I am bad at making a point because it's never anything more than something that doesn'seem to be quit right to me. Calling yourself an atheist has this duality of both acknoweligment and rejection, making it an ideoligy of it's own. There is an ambigiouty to that imho, why take something serious that you don't? I can not shake the feeling that there is a certain need to rediculise people who are religious. I redicule them as well but why are we doing that really, it's no competition
"an interest, a belief, or an activity that is very important to a person or group" I don't know who found this definition, but this can apply to every hobby... Ahhh, perhaps in figurative way, "I swim, this is my religion" kind of...
"But if you claim to be an atheist marxist you should be more aware of the works by those who grounded and further shaped the ideologies in question (namely Lenin)"So many of them, but no thank you. I like to have my own analyse. And the 2 are separated, I am atheist, I am Marxist in how to analyse facts, I am not a atheist Marxist or a Marxist atheist, as you choose. I was atheist much earlier than to be Marxist... And I don't share all Marx's point of view... Too dated, too many mistakes, I choose to like how he analysed.
"Calling yourself an atheist has this duality of both acknoweligment and rejection, making it an ideoligy of it's own" No. Calling myself an atheist is just telling I don't believe in God(s). Period. No ideology in this, just a simple fact. I don't believe in God(s).
Those who can make you believe absurdities can make you commit atrocities. Voltaire.
"I've been in few famous last stands, lad, and they're butcher shops. That's what Blouse's leading you into, mark my words. What'll you lot do then? We've had a few scuffles, but that's not war. Think you'll be man enough to stand, when the metal meets the meat?"
"You did, sarge", said Polly." You said you were in few last stands."
"Yeah, lad. But I was holding the metal"
Sergeant Major Jackrum 10th Light Foot Infantery Regiment "Inns-and-Out"
This is what I've been trying to say.
Lenin is not just one of them. To my mind, if you want to understand better the ways things worked in the USSR in the sphere of ideology (and not only), it is highly advisable to read some Lenin.
Then you can't claim to be a marxist. Analysing is the way of working with facts, not the system of views/ideology that marxism is. It is like calling someone a Christian because he likes the metaphors Christ used in his speeches.
Marxism is a believe in an invetable outcome, facts don't really matter as they are nothing but an indication of what might happen later. That's a rather radical thought for historians who insist there is nothing to learn from history, or predict
Last edited by Fragony; 04-14-2016 at 11:15.
"not the system of views/ideology that marxism is" Hmm, not sure you read Marx, or you understand Marx.
"This is what I've been trying to say." Perhaps, but it not what the author you quote was saying, as he refers few times to religious vocabulary...
"To my mind, if you want to understand better the ways things worked in the USSR in the sphere of ideology (and not only), it is highly advisable to read some Lenin." Probably, but I was never really interested in the exercise.

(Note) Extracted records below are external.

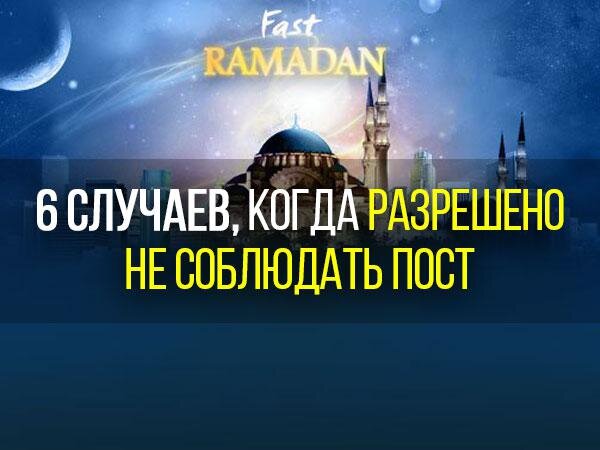 Более того, в некоторых исключительных случаях представителям нашей уммы разрешается вообще не соблюдать пост. Таковыми являются следующие случаи:
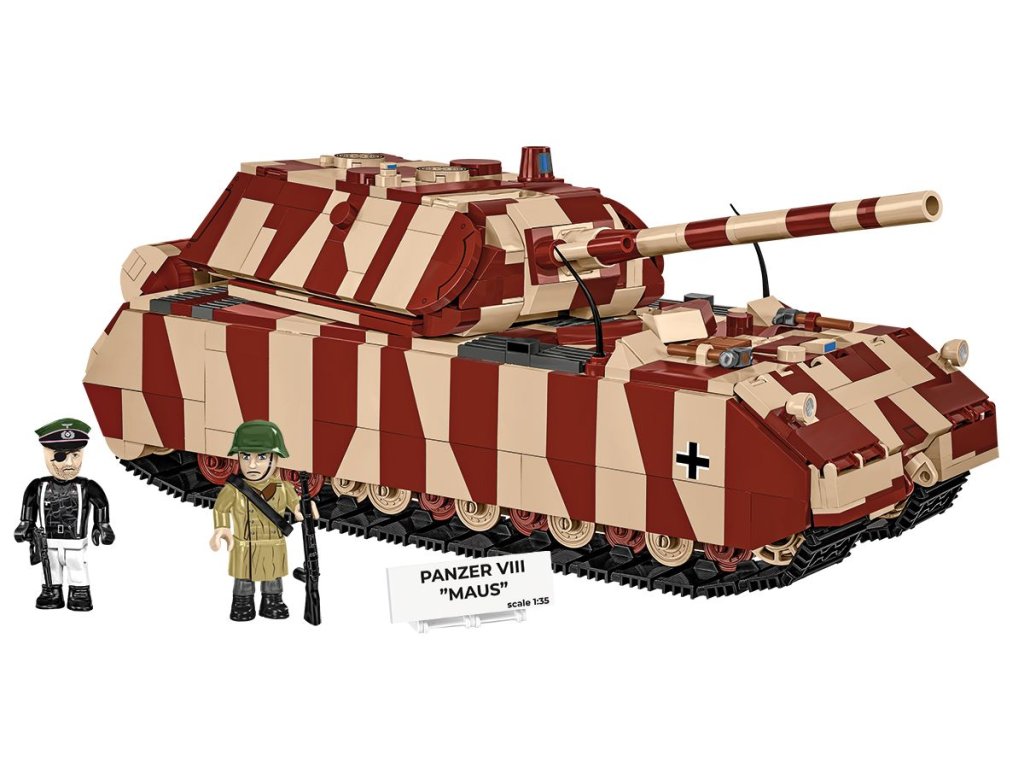 Postavte si model největšího tanku v historii - Panzer VIII Maus. Model je v měřítku 1:35 a měří 30,5 x 11 x 11 cm. Má mnoho funkčních částí. Balení obsahuje 1 353 kostek stavebnice a 2 figurky vojáků.
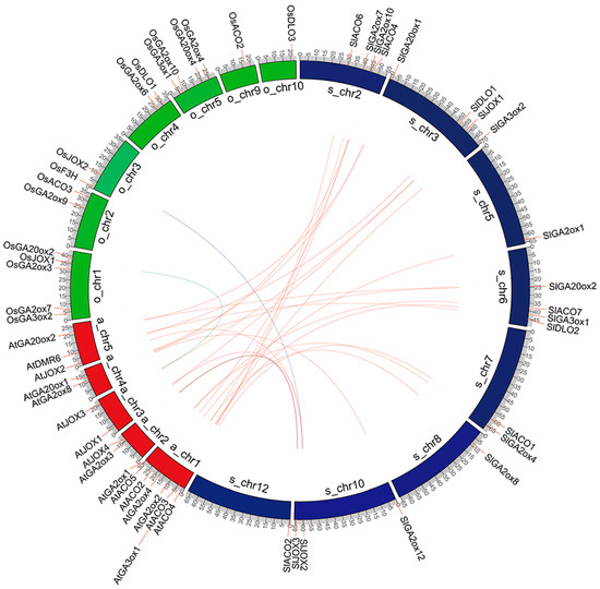 Synteny analysis of hormone biosynthetic and metabolism 2-oxoglutarate-dependent dioxygenase (2OGD) genes among Arabidopsis, rice, and tomato. Chromosome numbers of Arabidopsis (At), rice (Os), and tomato (Sl) are indicated on the inner side. Red, green, and blue colors represent Arabidopsis, rice, and tomato chromosomes. Gene pairs with a collinear relationship are joined by lines. Red lines represent collinear pairs between Arabidopsis and tomato, blue lines represent collinear pairs between Arabidopsis and rice, green lines represent collinear pairs between rice and tomato.
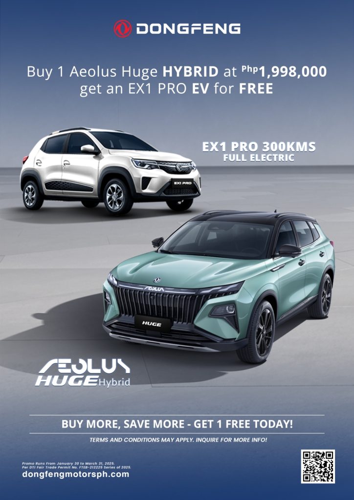 For a limited time, Dongfeng Motors Philippines is giving you an exclusive chance to own both the Aeolus Huge Hybrid and the EX1 Pro EV for just PHP 1,998,000. Yes, you read that right—two (2) vehicles, one (1) unbeatable price! But hurry, this offer is only available until March 31, 2025.

Facts are better, apparently, the USSR constitution was one of the best, was just not applied. So, speeches and books.... In my mind, Lenin was the guy who opened the door to Stalin (and Trotsky was not better). The Soviets killed the Revolution... But this is not based on knowledge, more on feelings backed-up by history of the Russian Revolution at university...
What you have to understand is, as French, we have our own socialist and anarchist thinkers and theoreticians. We don't really so heavily on others experience, and Marx stays what he was, a theorist who first explored history to try to explain how societies work. In it in this term I am a Marxist. Go from the fact and try to explain others facts. This help in order to understand deep movements in and of history. Of course, Marx being a man of the XIX century, was not aware of some facts, as sociology, demography and anthropology can now deliver. He was convinced the revolution would come from industrialised countries when in fact, both successful revolutions came from 2 countries deep in peasantry and politically unaware, Russia and China.
Those who can make you believe absurdities can make you commit atrocities. Voltaire.
"I've been in few famous last stands, lad, and they're butcher shops. That's what Blouse's leading you into, mark my words. What'll you lot do then? We've had a few scuffles, but that's not war. Think you'll be man enough to stand, when the metal meets the meat?"
"You did, sarge", said Polly." You said you were in few last stands."
"Yeah, lad. But I was holding the metal"
Sergeant Major Jackrum 10th Light Foot Infantery Regiment "Inns-and-Out"
I read some, but more saw it related or interpreted by Lenin.
Once you broach a metaphor you may expand it. This is what the author did trying to explain the idelogy in the USSR.
Taking a fact and trying to explain other facts by referring to it is called logics. You can apply it without being a marxist.